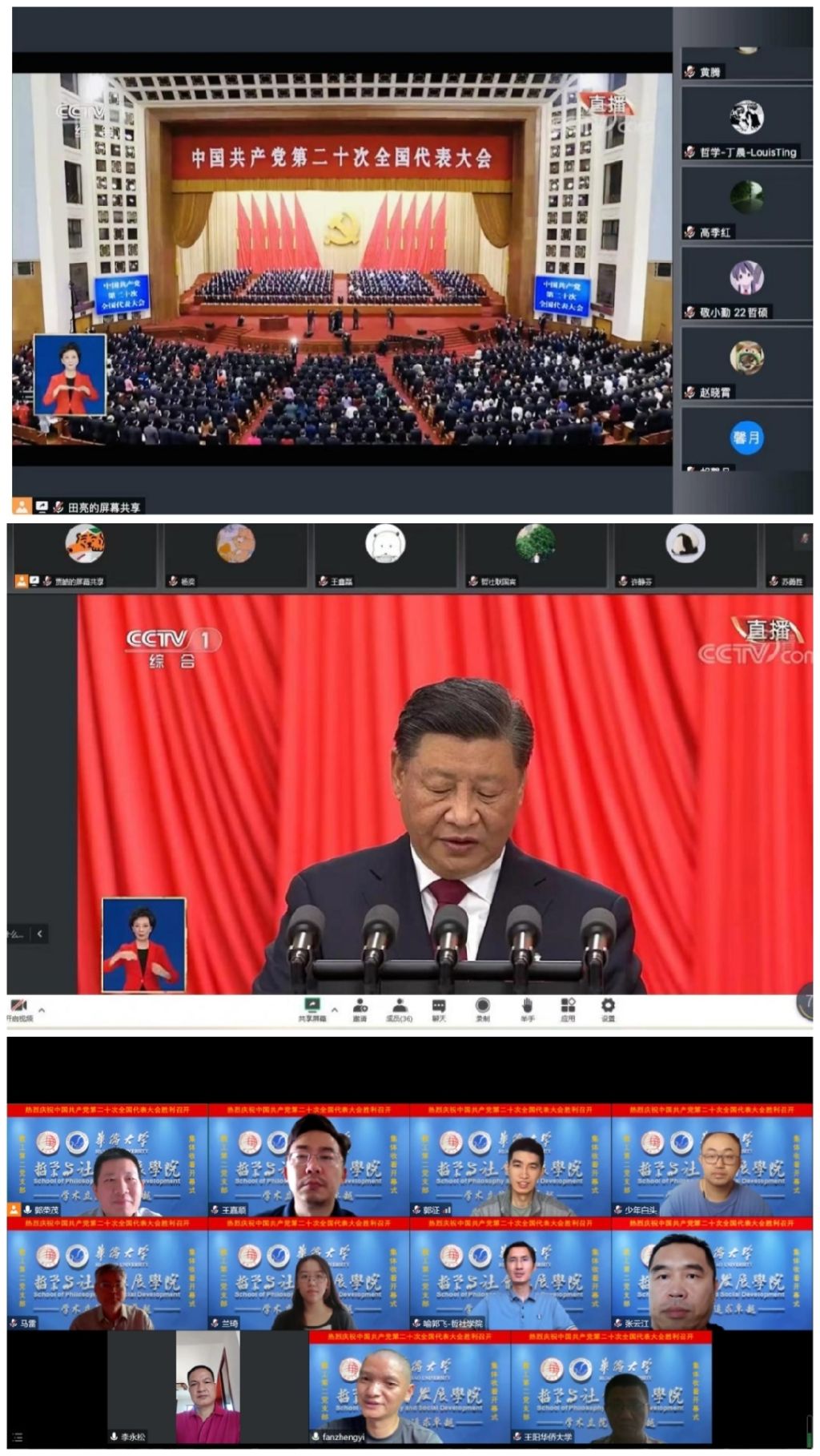 2022年10月16日上午10时,哲社学院全体师生以线上腾讯会议、线下组织集中观看等形式,共同观看中国共产党第二十次全国代表大会开幕会,师生纷纷表示受益匪浅,备受鼓舞。
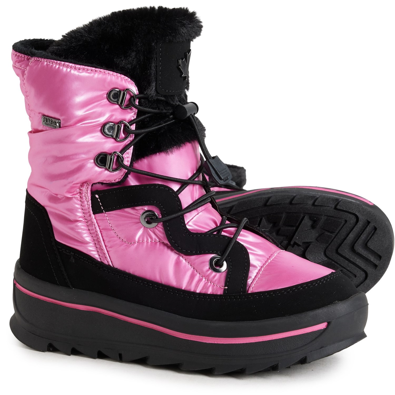 Closeout. She'll be ready for wintry days with Pajar's Tacey low snow boots, crafted in shiny quilted fabric with waterproof breathable Pajar-Tex protection, low-bulk insulation, a soft fleece lining and grippy lugged outsole.
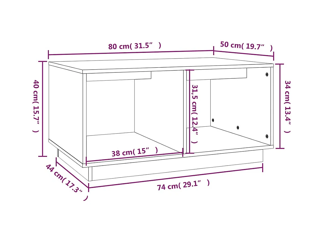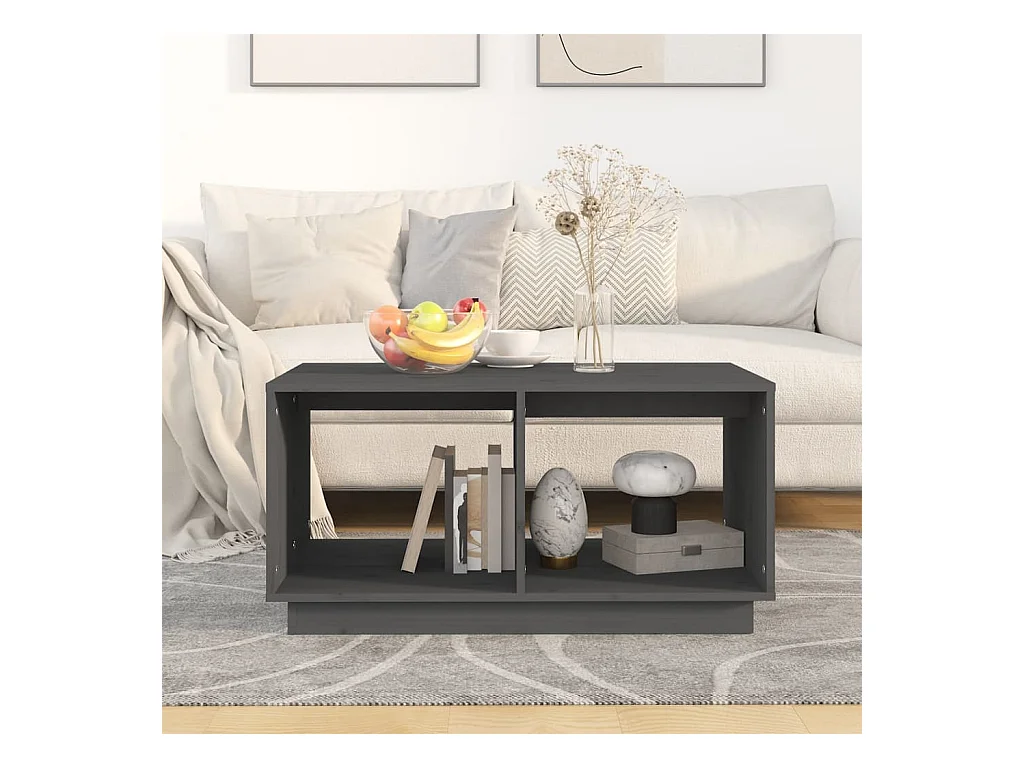Mesa de centro madera maciza de pino gris 80x50x40 cm ES16857
━━━━━━━━━━━━━━━━━━━━━━━━━━━━━━
=== What you should do ===
Your reply should give again exactly the lines from the one with "Closeout. She'll be" through the last line of the data, with both ends included and pictures left out.

=== Solution for this task ===
 Closeout. She'll be ready for wintry days with Pajar's Tacey low snow boots, crafted in shiny quilted fabric with waterproof breathable Pajar-Tex protection, low-bulk insulation, a soft fleece lining and grippy lugged outsole.
Mesa de centro madera maciza de pino gris 80x50x40 cm ES16857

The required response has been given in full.